* _Your goal_
In the material below, find the span from the line with "Neben dem Auge-Icon" to the line with "优勤(YOUQIN) 伸缩支撑杆110-200 37-49#Y" and transcribe only those lines, exactly, ends included, without the pictures.

* _Data supplied_
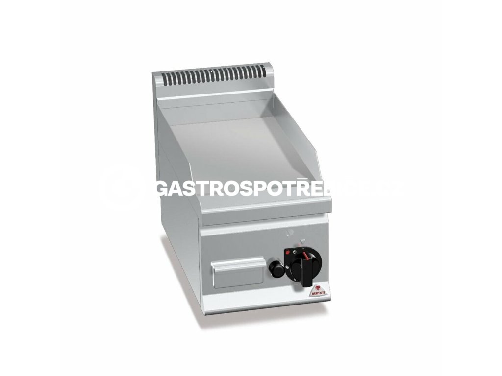 Termostatický ventil 30 až 300°C pro přesnou a bezpečnou regulaci. Termočlánek a chráněný zápalný plamínek. Deska s hladkým (rýhovaným) povrchem z oceli a zvýšenými postranními lemy. Kompletní sortiment plynových a elektrických ploten s různým provedením grilovací plochy. Lze na nich připravovat pokrmy tzv. "kontaktem" a to nejcitlivějším způsobem. Jenotný systém distribuce tepla zaručuje rovnoměrné grilování po celé pracovní ploše. Při grilování se přirozeně tvoří zbytkový olej, který je odváděn a shromažďován ve velké odpadní nádobce. Provedení: plyn Příkon: 4kW Povrch desky: ocel Rozměr plotny: 296 x 430 mmDoplňkové parametry
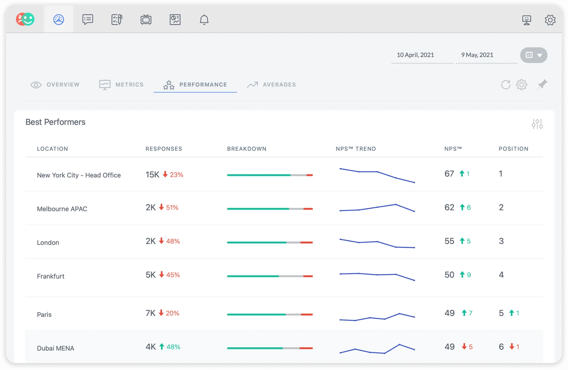 Featuring clear visualizations of live data, InRate’s reporting platform is engineered for adaptable, role-specific data displays and robust analytical capabilities. Identify patterns and trends within your data, benchmark scores, and review incoming comments. Observe your data becoming visually dynamic and monitor your progress over time.
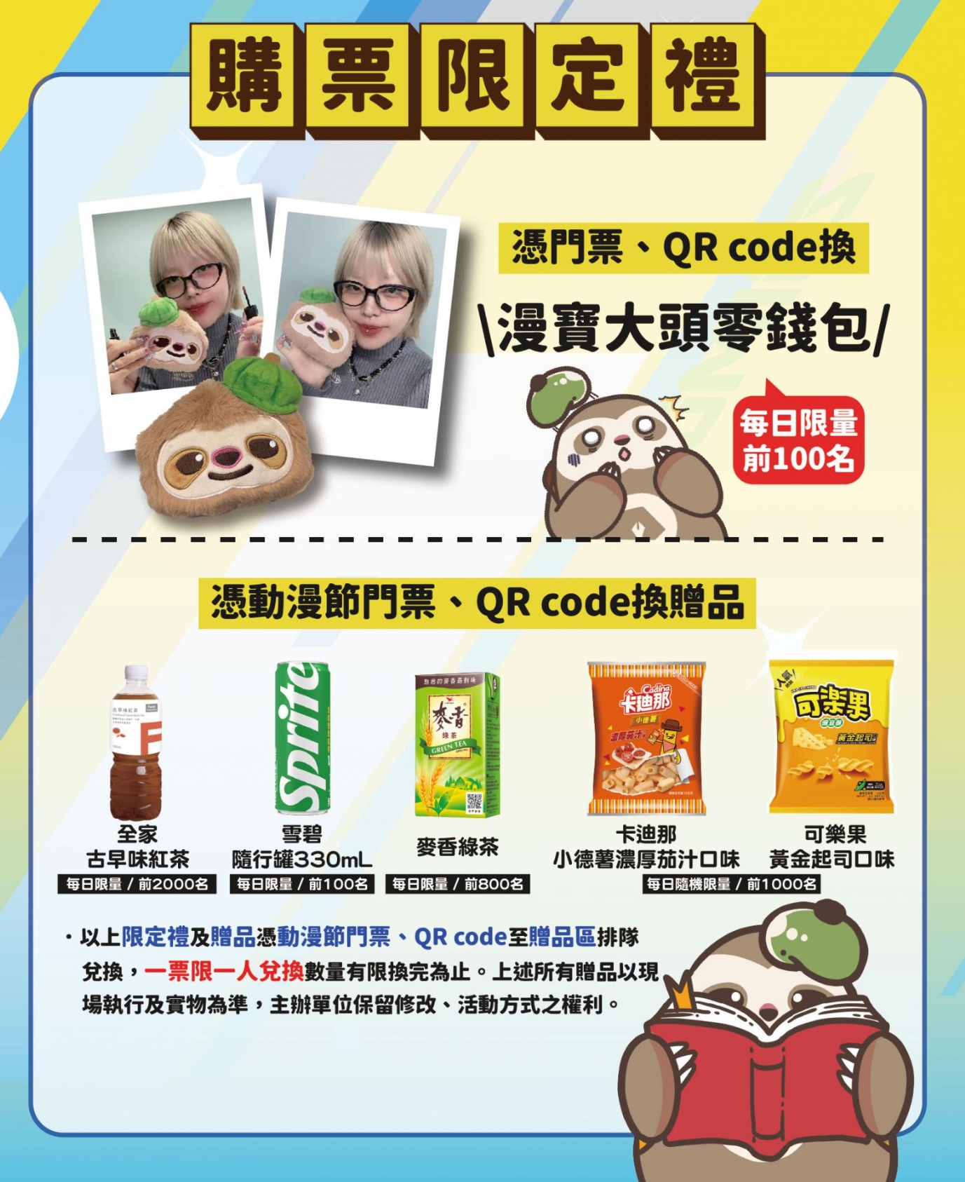 憑門票、電子票 QR Code 可以獲得限定禮品「漫寶大頭零錢包」,每日限量 100 名 ! 另可換全家古早味紅茶、雪碧隨行罐、麥香綠茶、卡迪那茄汁口味、可樂果等零食或飲料,一票限一人兌換,送完為止。
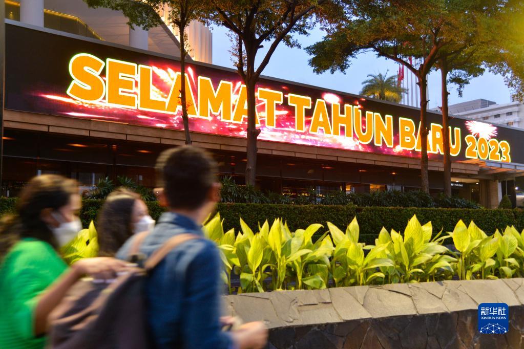 2023年1月1日,在印度尼西亞雅加達,人們經(jīng)過(guò)一塊顯示著(zhù)印尼語(yǔ)“2023新年快樂(lè )”字樣的廣告屏幕。
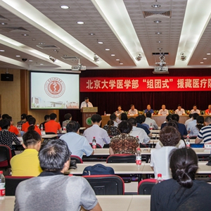 会议现场根据中组部、人社部、国家卫生计生委、教育部关于“组团式”援藏医疗人才的一系列指示精神要求,北京大学附属医院第三批援藏医疗队员21人集结完毕,准备出征。
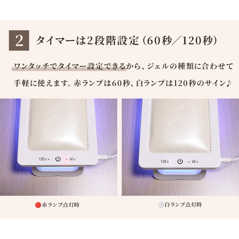 • Equipped with 2 timer settings for 60 and 120 seconds, you can switch the curing time with one touch. The red lamp is 60 seconds and the white lamp is signed by 120 seconds for beginners to use
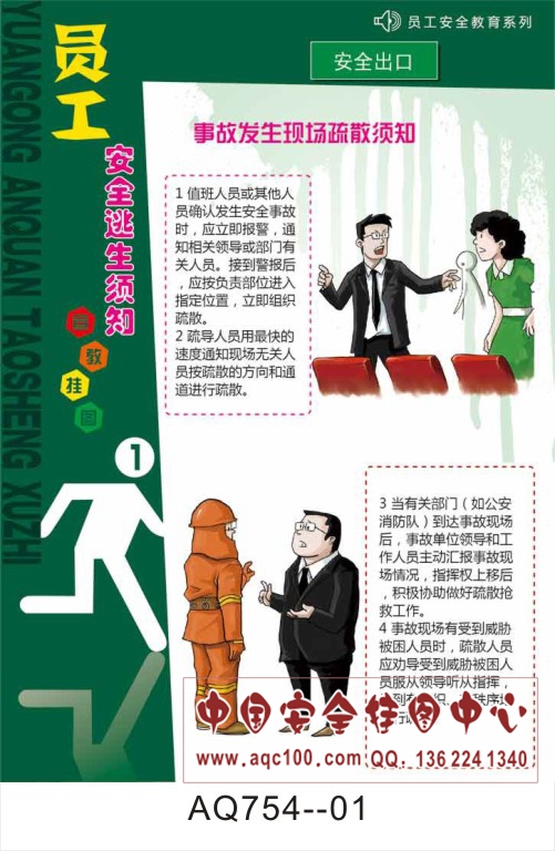 AQ754-01员工安全逃生须知宣传挂图 事故发生现场疏散须知
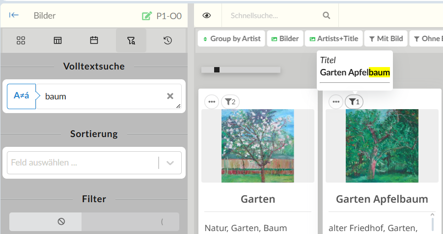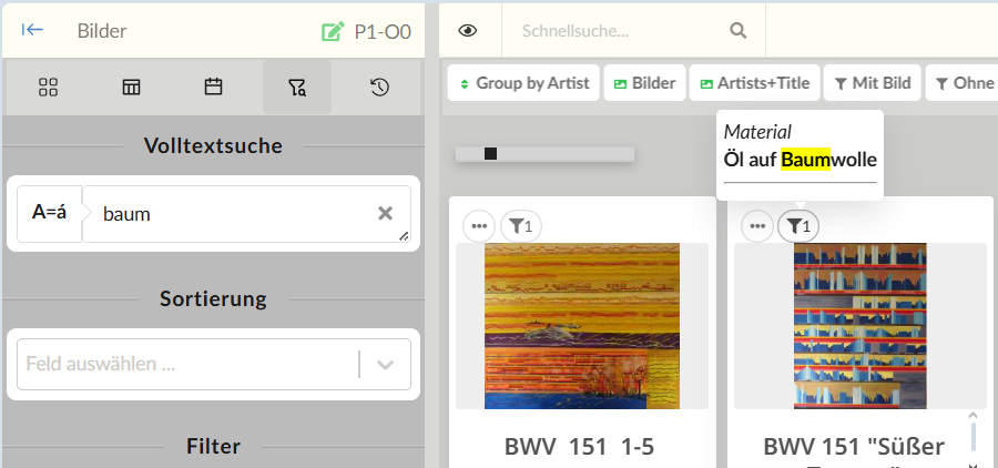 Neben dem Auge-Icon befindet sich ein Eingabefeld für die Schnellsuche. Wird dort etwas eingegeben hat das nur temporär auswirkung auf die Anzeige der Objekte in der Galerie und Tabelarischen ansicht. Es wird nur in den Sichtbaren (also über das Auge ausgewählten) Feldern mit einer Unscharfe-Suche gesucht und die Objekte mit den besten Treffern nach oben sortiert. Die Schnellsuche ist nicht dazu da die Objektauswahl zu ändern, wie es die Sucheinstellungen in der Suchmaske tun, sondern nur um ein Objekt schnell zu finden und aufzurufen. Bei verwendung wird auch die Objektsortierung temporär ignoriert.
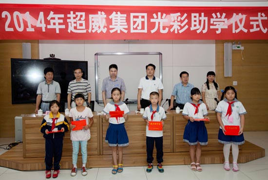 多年来,超威集团持续开展“光彩助学”活动,为企业所在地浙江省长兴县的贫困学子们提供助学基金。据不完全统计,超威集团先后投入3000多万元用于光彩助学等慈善公益事业,让这些因各种原因不能上学的孩子们继续完成学业。连续三年收到助学金的困难学子毛伟超说:“在超威的帮助下,我已经成为山东大学大二的学生。千言万语汇成两个字——感谢!希望受助的弟弟妹妹们都能够怀着感恩的心努力学习,将来学有所成的同时,也要继承这样的优良品德,回报社会。”
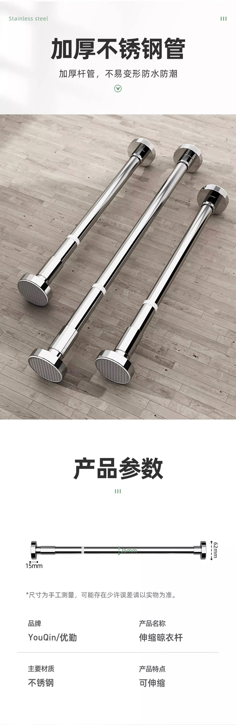 优勤(YOUQIN) 伸缩支撑杆110-200 37-49#Y 110*9*7cm 银色(单位:根)
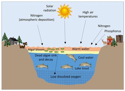 If nutrient concentrations are too high, excessive growth of algae can occur, leading to the layer of low dissolved oxygen taking up more of the lower levels of the lake. Solar radiation and arm air warm the surface of the lake, while the deeper waters stay cool throughout the summer. If solar radiation levels and air temperatures are too high, more of the surface waters of the lake may become too warm for lake trout.
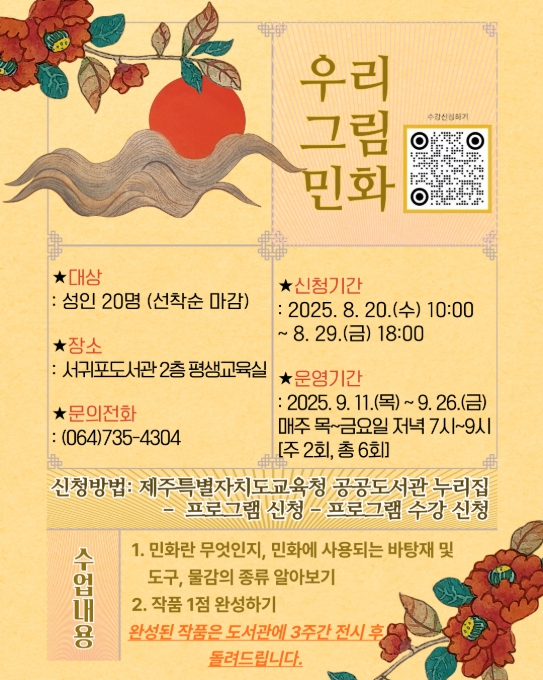 전통 민화 기법과 상징을 직접 배우고 그린다‘우리 그림 민화’ 강좌 포스터[시티트리뷴] 제주도교육청 서귀포도서관은 9월 11일부터 26일까지 민화의 전통적 의미를 이해하고 우리 문화의 아름다움과 가치를 지역 주민과 함께 나누기 위해 ‘우리 그림 민화’ 강좌 참여자를 선착순 모집한다.
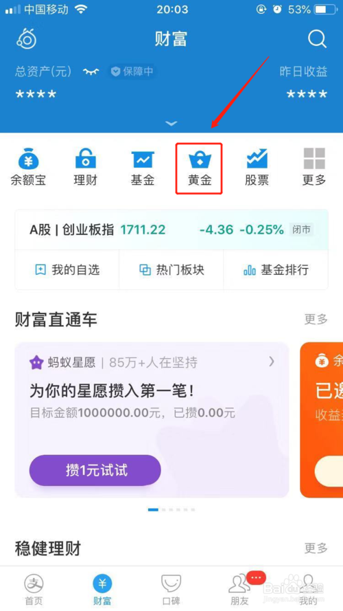 2、在打开的“财富”页面,找到“黄金”,点进去。
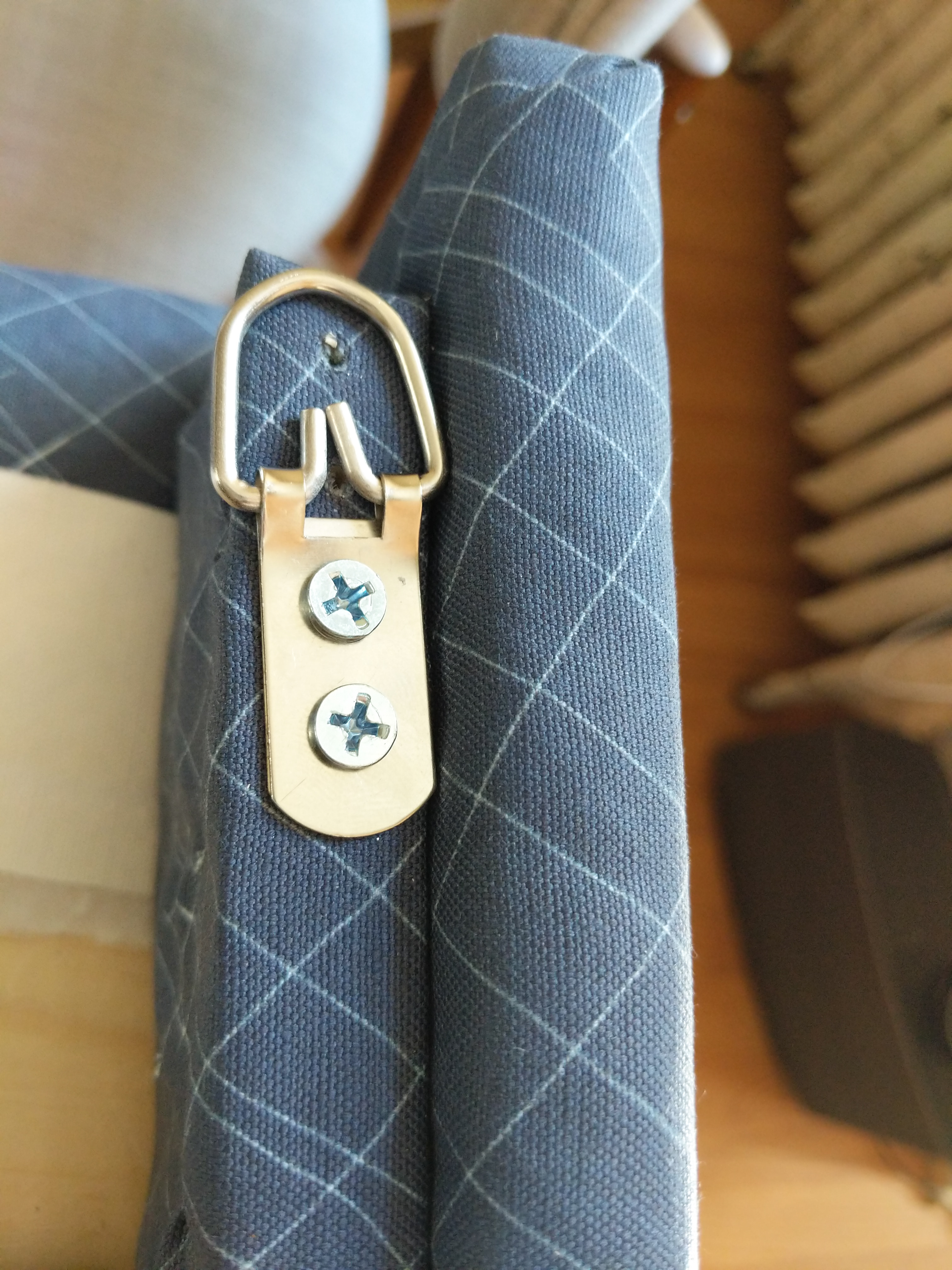 The original post just mounted the wood blocks for the D-rings. We covered them in fabric in case anyone looks up behind the cornice. Then we mounted the D-rings.

* _Answer for this exercise_
 Neben dem Auge-Icon befindet sich ein Eingabefeld für die Schnellsuche. Wird dort etwas eingegeben hat das nur temporär auswirkung auf die Anzeige der Objekte in der Galerie und Tabelarischen ansicht. Es wird nur in den Sichtbaren (also über das Auge ausgewählten) Feldern mit einer Unscharfe-Suche gesucht und die Objekte mit den besten Treffern nach oben sortiert. Die Schnellsuche ist nicht dazu da die Objektauswahl zu ändern, wie es die Sucheinstellungen in der Suchmaske tun, sondern nur um ein Objekt schnell zu finden und aufzurufen. Bei verwendung wird auch die Objektsortierung temporär ignoriert.
 多年来,超威集团持续开展“光彩助学”活动,为企业所在地浙江省长兴县的贫困学子们提供助学基金。据不完全统计,超威集团先后投入3000多万元用于光彩助学等慈善公益事业,让这些因各种原因不能上学的孩子们继续完成学业。连续三年收到助学金的困难学子毛伟超说:“在超威的帮助下,我已经成为山东大学大二的学生。千言万语汇成两个字——感谢!希望受助的弟弟妹妹们都能够怀着感恩的心努力学习,将来学有所成的同时,也要继承这样的优良品德,回报社会。”
 优勤(YOUQIN) 伸缩支撑杆110-200 37-49#Y 110*9*7cm 银色(单位:根)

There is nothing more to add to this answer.